芸者を馬鹿にしているような句調ながら、まんざら全く浮薄の調子ではなかった。また、出来ることなら吉弥を引きとめて、自分の物にしたいという相談を持ちかけていたらしい。ことに最後の文句などには、深い呼吸が伴っているように聴えた。その「可哀そうじゃアないか」は、青木を出しに田島自身のことを言っていたのだろうが、吉弥は何の思いやりもなく、大変強く当っていた。かの女の浅はかな性質としては、もう、国府津に足を洗うのは――はたしてきょう、あすのことだか、どうだか分りもしないのに――大丈夫と思い込み、跡は野となれ、山となれ的に楽観していて、田島に対しもし未練がありとすれば、ただ行きがけの駄賃として二十円なり、三十円なりの餞別《せんべつ》を貰ってやろうぐらいだろう。と、僕には読めた。

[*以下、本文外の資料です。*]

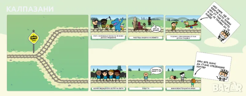 Отборите могат и да се саботират взаимно като поставят демонични карти пред опонентите си, по този начин накланяйки везните в тяхна "полза". Можете да избирате сред 500 карти, илюстрирани от хората, които съсипаха интернета - Cyanide & Happiness.

「あたい、ほんとうはお嫁に行くのよ、役者になれるか、どうだか知れやアしないから」などと、かの女は言わないでもいいことをしゃべった。
「どういう人にだ?」
「区役所のお役人よ――衣物《きもの》など拵えて、待っているの」
 僕は隣室の状景を想像する心持ちよりも、むしろこの一言にむかッとした。これがはたして事実なら――して、「お嫁に行くの」はさきに僕も聴いたことがあるから、――現在、吉弥の両親は、その定まった話をもたらしているのだと思われた。あの腹の黒い母親のことであるから、それくらいのたくらみはしかねないだろう。
「どうせ、二、三十円の月給取りだろうが、そんな者の嬶《かか》アになってどうするんだ?」
「お前さんのような借金持ちよりゃアいい、わ」
「馬鹿ァ言え!」
「子供の時から知ってる人で、前からあたいを貰いたいッて言ってたの――月給は四十円でも、お父《とっ》さんの家がいいんだから――」
「家はいいかも知れないが、月給のことはうそだろうぜ――しかしだ、そうなりゃア、おれたちアみな恨みッこなしだ」
「じゃア、そうと定めましょうよ」吉弥はうるさそうに三味線をじゃんじゃん引き出した。
「よせ、よせ!」と、三味線をひッたくったらしい。
「じゃア、もう、帰って頂戴よ、何度も言う通り、貰いがかかっているんだから」
「帰すなら、帰すようにするがいい」
「どうしたらいいのよ?」
「こうするんだ」
「いたいじゃアないか?」
「静かにせい!」この一言の勢いは、抜き身をもってはいって来た強盗ででもあるかのようであった。